Context-Inappropriate Capability

High
Confidence
96% confidence
Finding
The documented `config --set callback=<value>` capability introduces arbitrary command execution unrelated to the core purpose of searching/downloading manga and managing credentials. If an agent or user can set this value from untrusted input, the tool may execute shell/system commands on download completion, creating a direct code-execution path on the host.

Missing User Warnings

Medium
Confidence
84% confidence
Finding
The login and credential-pool commands explicitly save usernames, passwords, cookies, and quota data, but the documentation gives no warning that credentials will be stored locally.
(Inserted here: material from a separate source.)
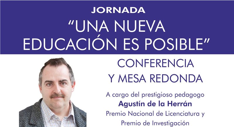 El reconocido pedagogo y Doctor en Educación, Agustín de la Herrán, participará en la Jornada “Una nueva Educación es posible” que se celebrará este martes día 3 de junio en el Arrecife Gran Hotel, a las 19:30 horas, y que ha sido organizada por el Instituto Integral de Pensamiento Avanzado, en colaboración con el Grupo Lancelot y el Grupo Esacan.
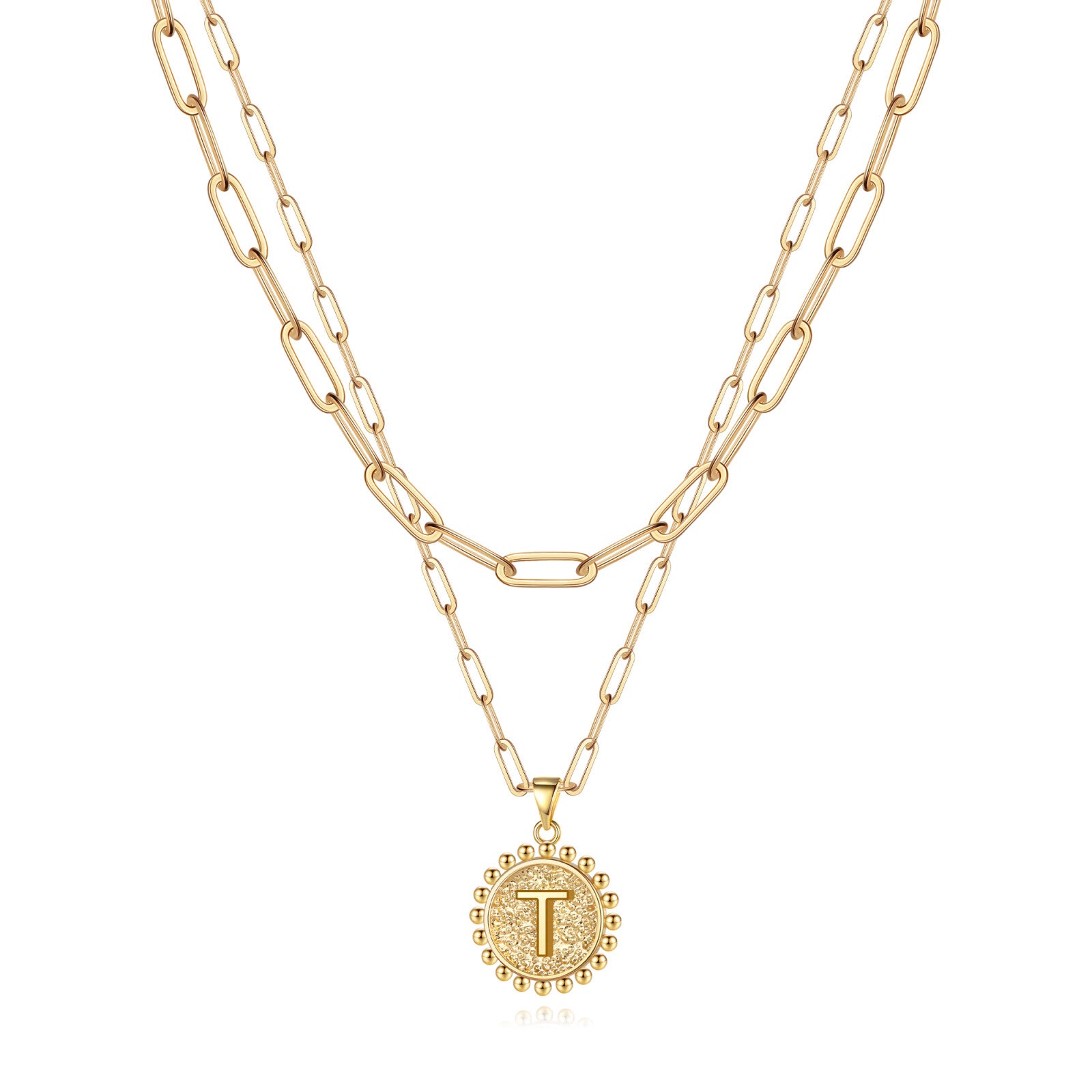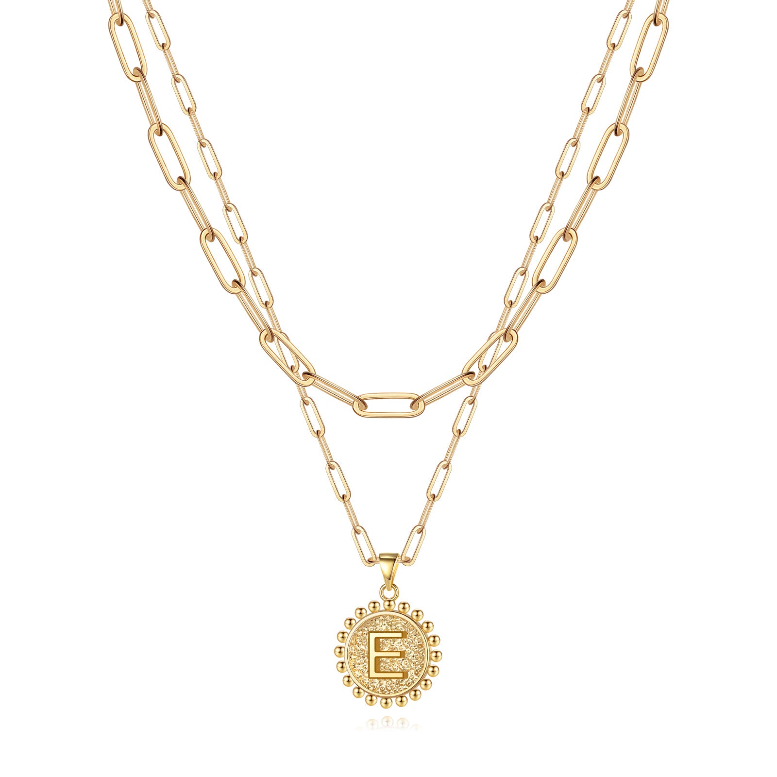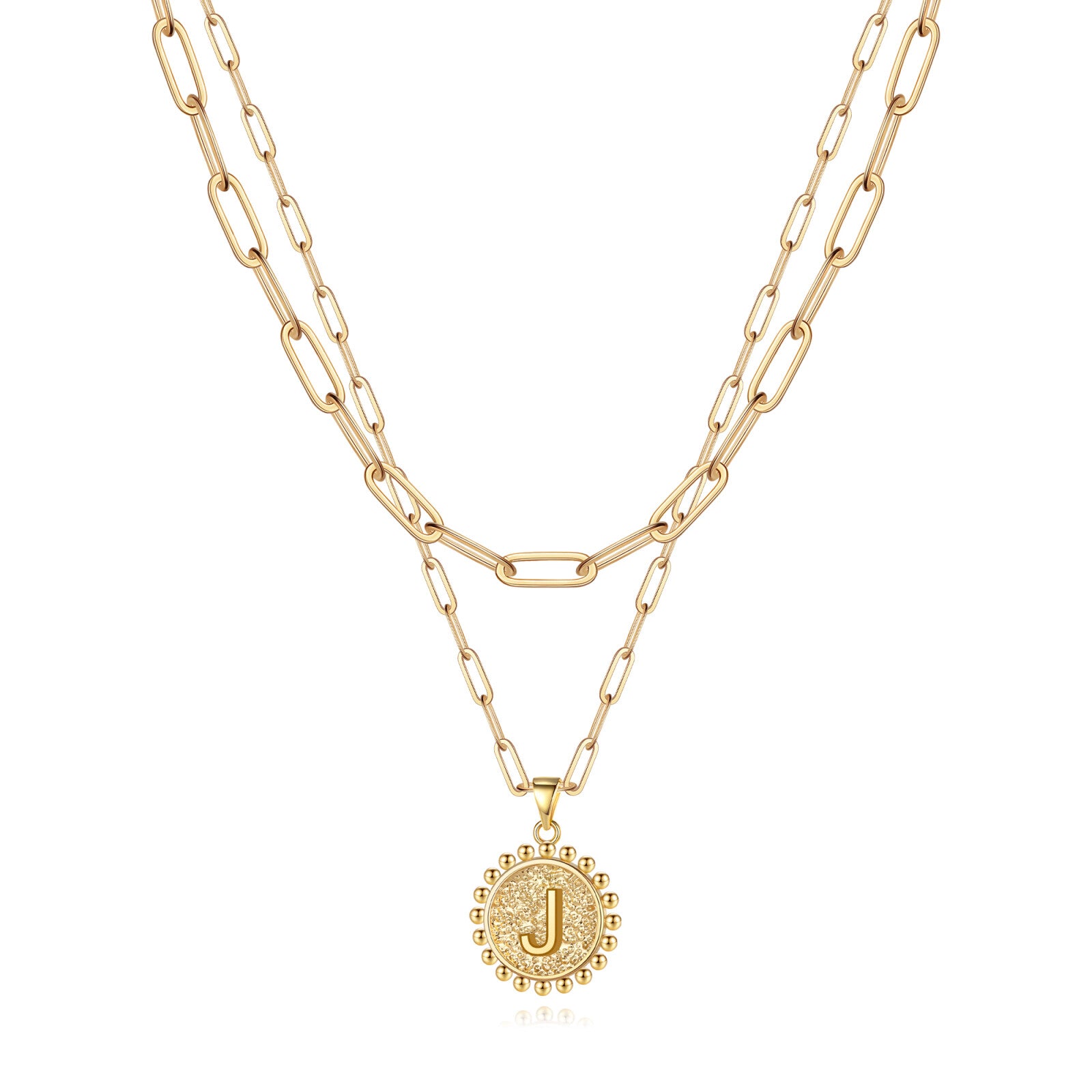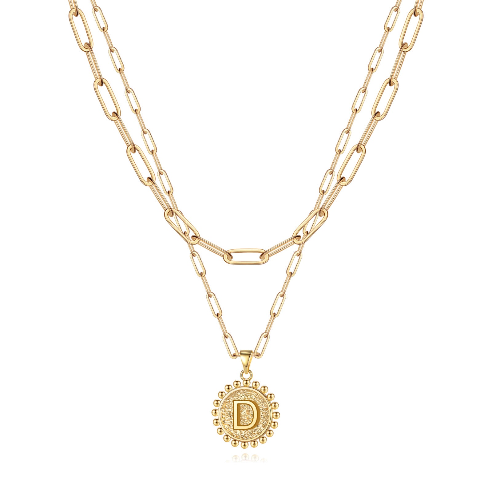 This women's letter-style commemorative pendant layered necklace conveys one's feelings through its unique design, perfectly blending fashion and emotion. The necklace features a double-layered design, with the main chain hanging a letter-shaped commemorative pendant, paired with a fine chain, presenting a clear hierarchy. It is easily suitable for various occasions such as daily commuting, date nights, and social gatherings, and is an indispensable versatile item in one's wardrobe. The necklace is made of high-quality brass, and the letter pendant is crafted with a three-dimensional relief technique, highlighting the exquisite texture. The double-layered chains have varying lengths, allowing them to naturally drape between the collarbones when worn, enhancing the neckline while adding a sense of fluidity and lightness. Multiple letters can be chosen at will, whether it's the initials of a name, the abbreviation of a special day, or a symbol representing good luck, all of which can become a unique emotional carrier. The golden commemorative pendant design symbolizes preciousness, and paired with the simple chain, it exudes a sense of sophistication. It is a heartwarming gift for birthdays, graduations, holidays, etc. The combination of the golden chain and the letter pendant is classic and eye-catching, easily adaptable to various styles: paired with a shirt or suit to add delicate details to the professional look, layered with other necklaces to create a sense of depth and instantly enhance the fashion quotient, paired with a dress. Whether for personal use or as a gift, it can satisfy the dual pursuit of quality and aesthetics.

This creates a meaningful risk of accidental secret persistence, mishandling, or insecure local storage, especially in agent-driven environments where users may not realize credentials are being retained.

Missing User Warnings

Medium
Confidence
81% confidence
Finding
The `download` command performs filesystem writes and supports background execution, yet the documentation does not clearly warn that it will create files and continue unattended. In an agent setting, this increases the chance of unexpected disk usage, writing to sensitive locations, or long-running activity persisting after the initiating interaction ends.

Missing User Warnings

High
Confidence
97% confidence
Finding
The `callback` configuration is especially dangerous because the documentation presents it as an ordinary string setting without warning that it will execute a system command when a download completes. This can mislead users or upstream agents into treating it as harmless configuration, enabling accidental or attacker-influenced command execution.

VirusTotal

66/66 vendors flagged this skill as clean.